Talking about safer sex is easier if you know the facts about STIs and what your own boundaries are.

If you’re not already familiar, it’s worth educating yourself about the risk of different sex acts (remember, oral and anal sex is still sex!), how to protect yourself, how and when to get tested and how to put on a condom. It’s also worth keeping or carrying condoms, so you’re not always reliant on your partner having them (just remember to not store them in your wallet).

It’s also a good idea to think about your own boundaries. What will you do if your partner says they haven’t been tested, or doesn’t want to use a condom? What if they tell you that they have an STI like herpes or HIV? Thinking through these scenarios in advance will make it easier for you to respond in the moment.

As for the actual conversation, here are some general suggestions and conversation starters.

People often start this conversation as the clothes are coming off—but that’s not the best idea. When you’re in the moment, it can be harder to practice self-control and make the same smart decisions you would at other times. It can also feel difficult to interrupt the action, even if you know it’s the right thing to do.

You mention that you don’t want to “ruin the moment.” Talking earlier will help you avoid this, but remember that it is not up to you to keep the mood. Sex can be fun and awkward and all over the place, and that’s ok!

Try these conversation starters:

  • “I know we’ve been talking about going further, so I just wanted to let you know I was tested for STIs recently. When were you last tested?”
  • “Before this goes any further, I just want to check in—do you have condoms, or do we need to go to the store?”
  • “Just so you know, it’s really important to me that we use protection.”
  • “I feel like now might be a good time to talk about safer sex.”
  • “I don’t want to assume anything, but if we do end up having sex I want to make sure we’re safe.”
  • Some people find it easier to explain their boundaries in terms of their emotions rather than their health: “I know myself, and I’m going to be stressed out and enjoy myself less if we don’t use condoms.”

Of course, how you start the conversation can depend on your own personality and the specific situation you’re in. If you’re in a relationship with your partner, your conversation may be a bit different than with someone you don’t know as well. For example, if you’re in a relationship you might want to suggest getting tested together.

Talking about STIs isn’t the only conversation about sex you should have.

You should also talk about:

  • If you’re having penis-in-vagina (PIV) sex, talk about birth control to make sure you’re on the same page.
  • What do you like, not like, or want to try in bed? What are you comfortable and not comfortable with? No one is a mind reader and it’s ESSENTIAL to make sure that everyone is comfortable and excited about everything you’re doing together. This is called enthusiastic consent.
  • Ask yourself these 5 questions to check in with yourself. Consider talking about them with your partner, too.
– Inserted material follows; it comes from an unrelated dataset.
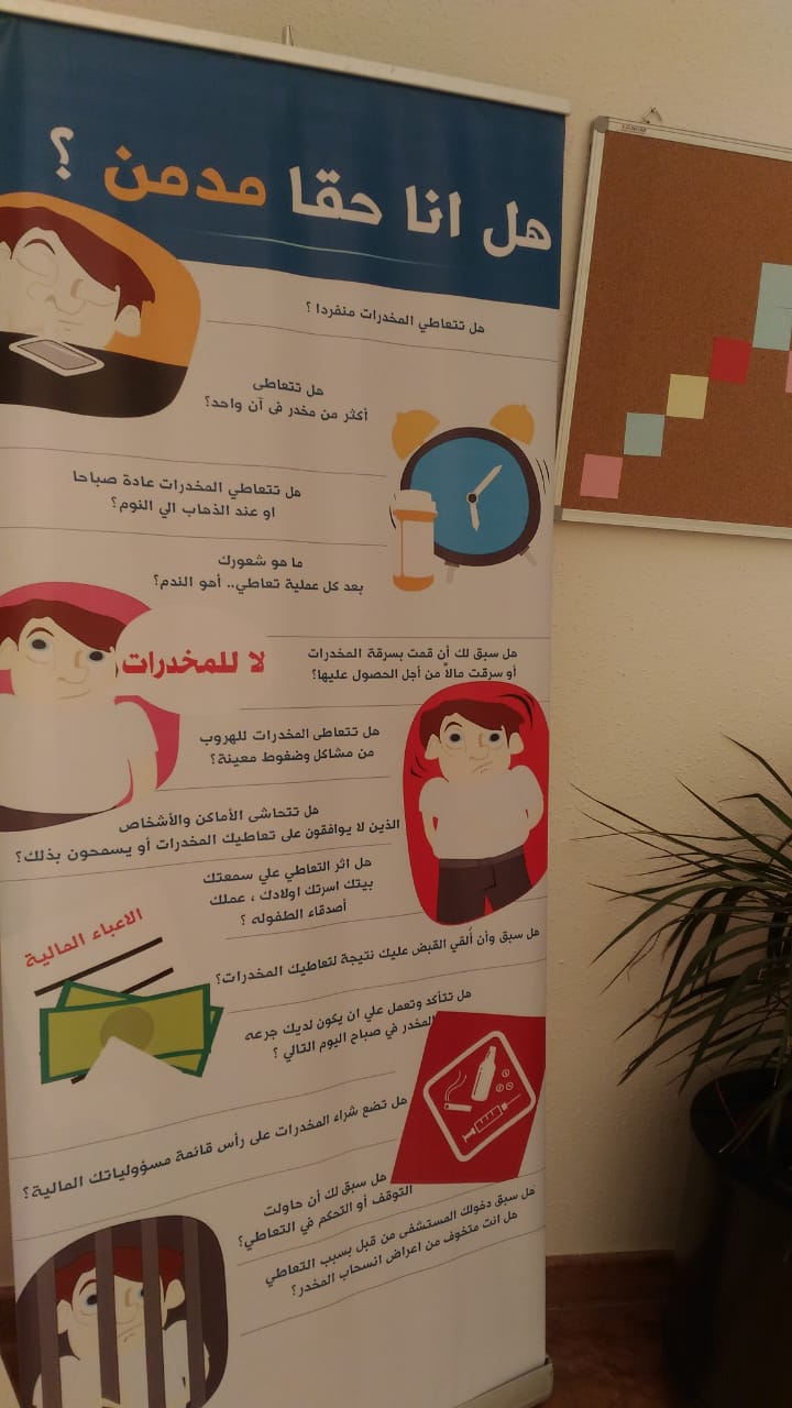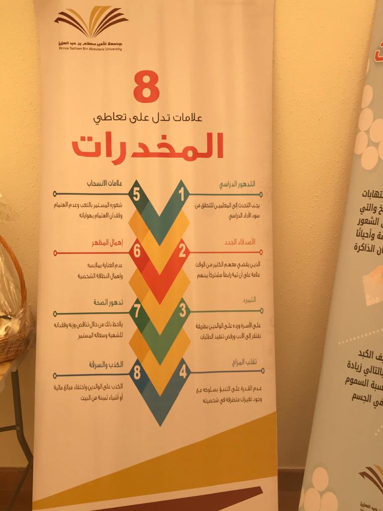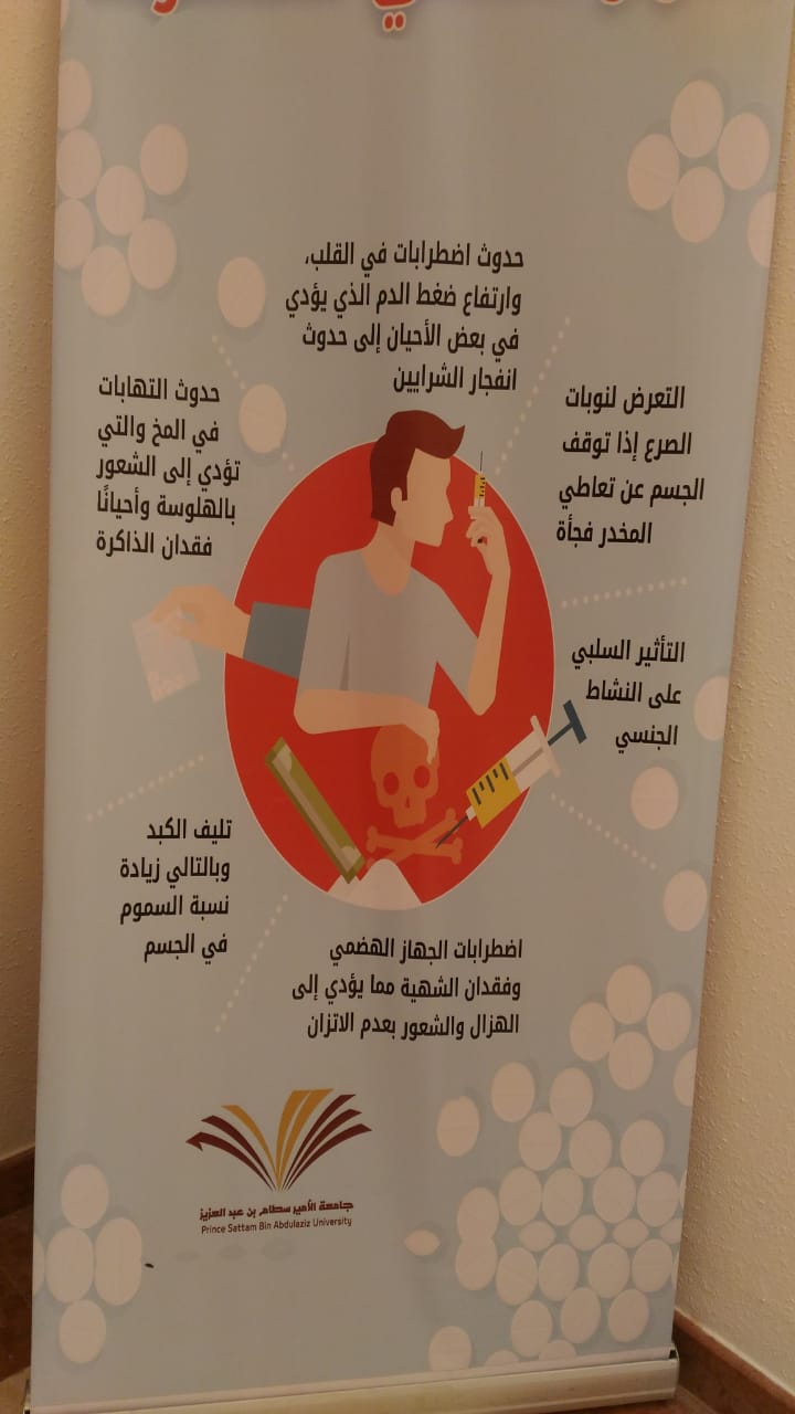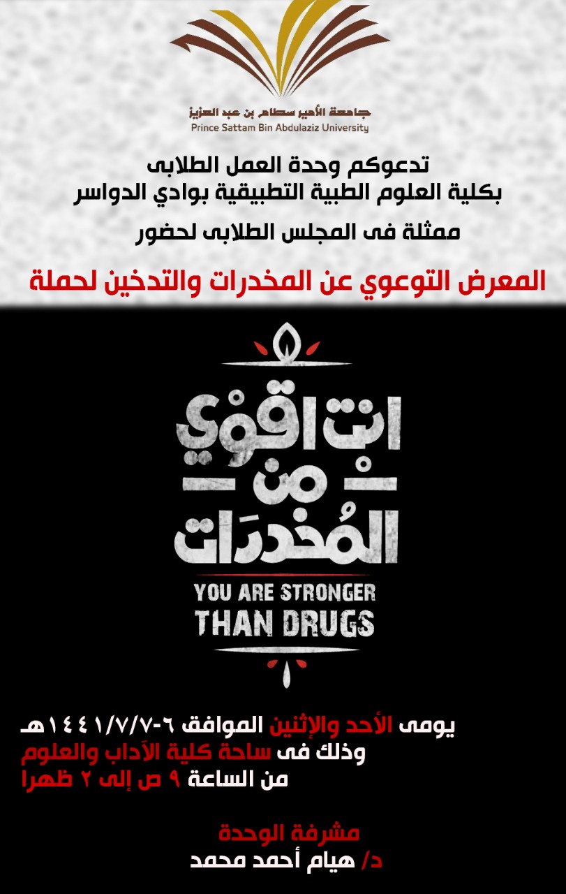 نظمت وحدة العمل الطلابي بكلية العلوم الطبية التطبيقية وادي الدواسر ممثلة فى المجلس الطلابي تحت إشراف مشرفة الوحدة د/هيام أحمد محمد المعرض التوعوي عن المخدرات والتدخين لحملة "أنت أقوى من المخدرات" وذلك يومى الأحد والإثنين الموافق ١٤٤١/٧/٧،٦ فى ساحة كلية الآداب والعلوم من الساعة ٩ صباحا إلى ٢ ظهرًا وكان الهدف العام للمعرض التوعية والوقاية من خطر المخدرات والتدخين وآثارهما الضارة على الفرد والمجتمع، وقد تضمن المعرض أركان عن أسباب تعاطي المخدرات، العلامات والأعراض التى تدل على التعاطي، بالإضافة إلى الأضرار الناتجة عن تعاطى المخدرات والتدخين وطرق الوقاية، هذا وقد لاقى المعرض إستحسان من قبل الطالبات الذى ظهر من خلال تعليقاتهم الإيجابية على لوحة شاركنا برأيك.
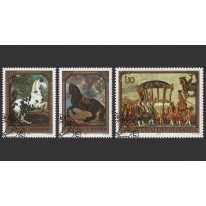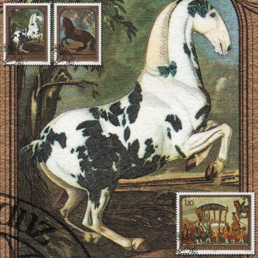Kasowana grzecznościowo seria, na znaczkach której widnieją portrety koni i obraz karety księcia Liechtensteinu Józefa Wacława.

If your partner pushes back (saying they don’t want to talk about sex, don’t want to use condoms, etc.), think about what this says about them. Remember that you deserve respect, and it is never ok to ignore someone else’s boundaries. Do you want to have sex with someone who doesn’t show you that respect? Do you feel safe being in a vulnerable situation with that person?

If you have any other questions about sexual health and are 10-22 years old and live in NYC, you can make a free, confidential appointment at the Mount Sinai Adolescent Health Center. We can answer any other questions you have, and we provide free, confidential STI testing & treatment, birth control and other comprehensive health services.

P.S.: These conversations still apply to people with vaginas who have sex with other vagina-havers!  Lesbians get STIs, too.